__What you will do__:
With the pictures left out, copy the listing below exactly.

__Dataset excerpt__:
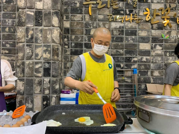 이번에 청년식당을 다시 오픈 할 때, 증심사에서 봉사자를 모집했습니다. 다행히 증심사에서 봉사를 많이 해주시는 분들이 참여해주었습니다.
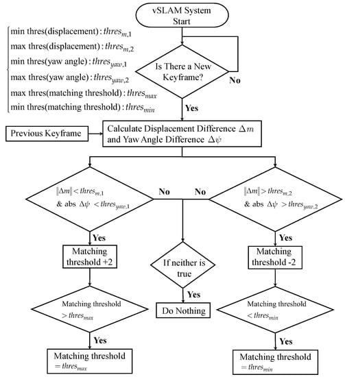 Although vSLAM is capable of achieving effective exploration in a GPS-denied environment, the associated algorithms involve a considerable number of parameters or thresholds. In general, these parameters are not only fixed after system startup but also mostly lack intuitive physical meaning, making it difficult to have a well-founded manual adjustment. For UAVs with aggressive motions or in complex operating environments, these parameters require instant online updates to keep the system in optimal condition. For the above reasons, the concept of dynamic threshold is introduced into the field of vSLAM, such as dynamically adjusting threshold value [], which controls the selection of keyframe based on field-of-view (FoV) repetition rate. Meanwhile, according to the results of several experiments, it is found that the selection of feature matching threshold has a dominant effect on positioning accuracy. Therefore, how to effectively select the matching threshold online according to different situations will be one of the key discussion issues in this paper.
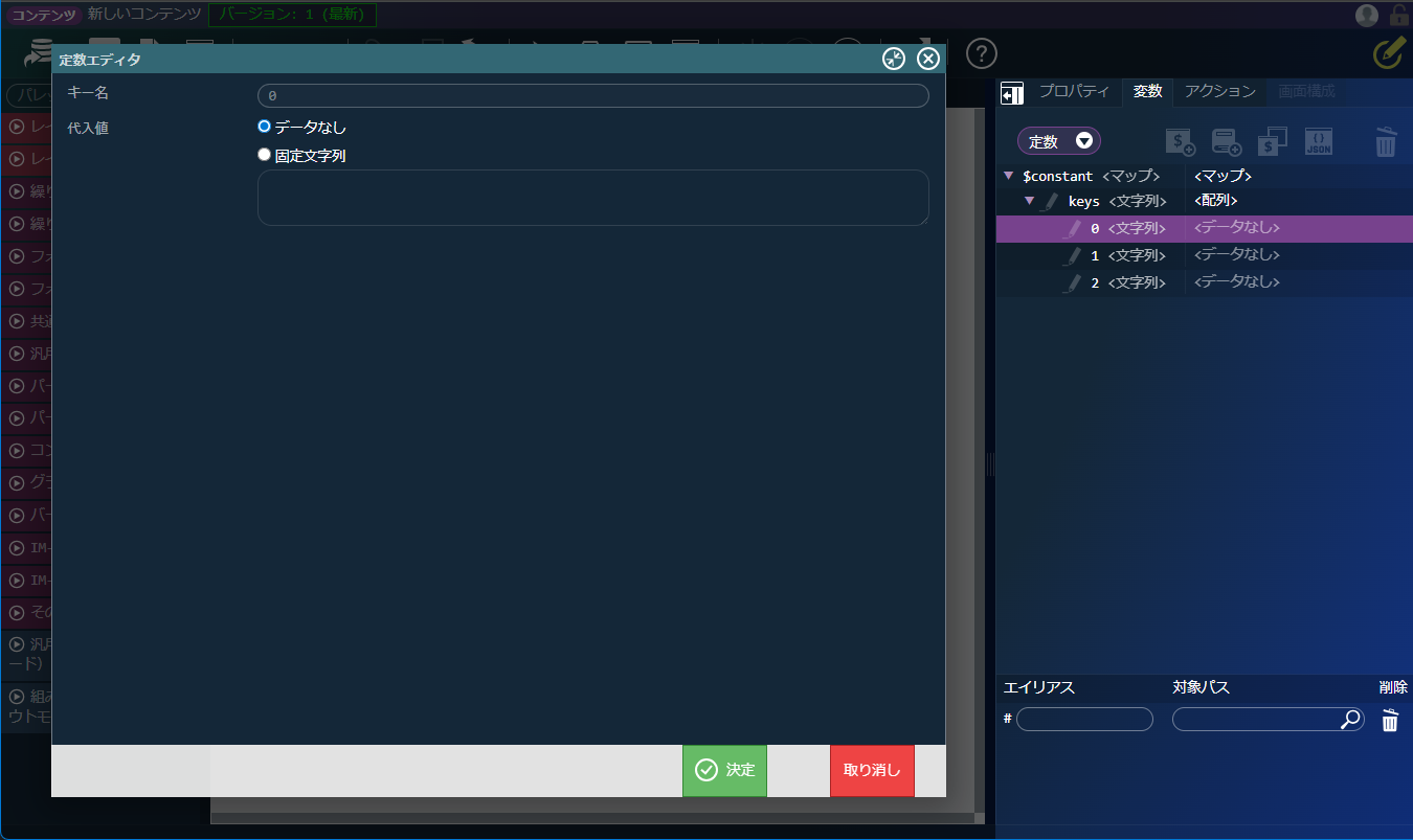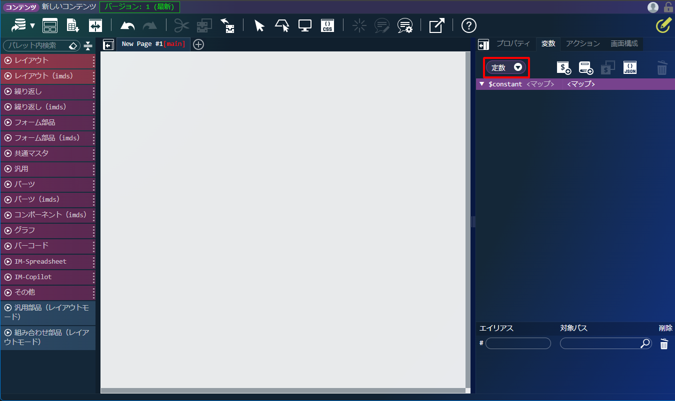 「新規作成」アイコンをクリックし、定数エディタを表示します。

__Expected answer__:
 이번에 청년식당을 다시 오픈 할 때, 증심사에서 봉사자를 모집했습니다. 다행히 증심사에서 봉사를 많이 해주시는 분들이 참여해주었습니다.
 Although vSLAM is capable of achieving effective exploration in a GPS-denied environment, the associated algorithms involve a considerable number of parameters or thresholds. In general, these parameters are not only fixed after system startup but also mostly lack intuitive physical meaning, making it difficult to have a well-founded manual adjustment. For UAVs with aggressive motions or in complex operating environments, these parameters require instant online updates to keep the system in optimal condition. For the above reasons, the concept of dynamic threshold is introduced into the field of vSLAM, such as dynamically adjusting threshold value [], which controls the selection of keyframe based on field-of-view (FoV) repetition rate. Meanwhile, according to the results of several experiments, it is found that the selection of feature matching threshold has a dominant effect on positioning accuracy. Therefore, how to effectively select the matching threshold online according to different situations will be one of the key discussion issues in this paper.
 「新規作成」アイコンをクリックし、定数エディタを表示します。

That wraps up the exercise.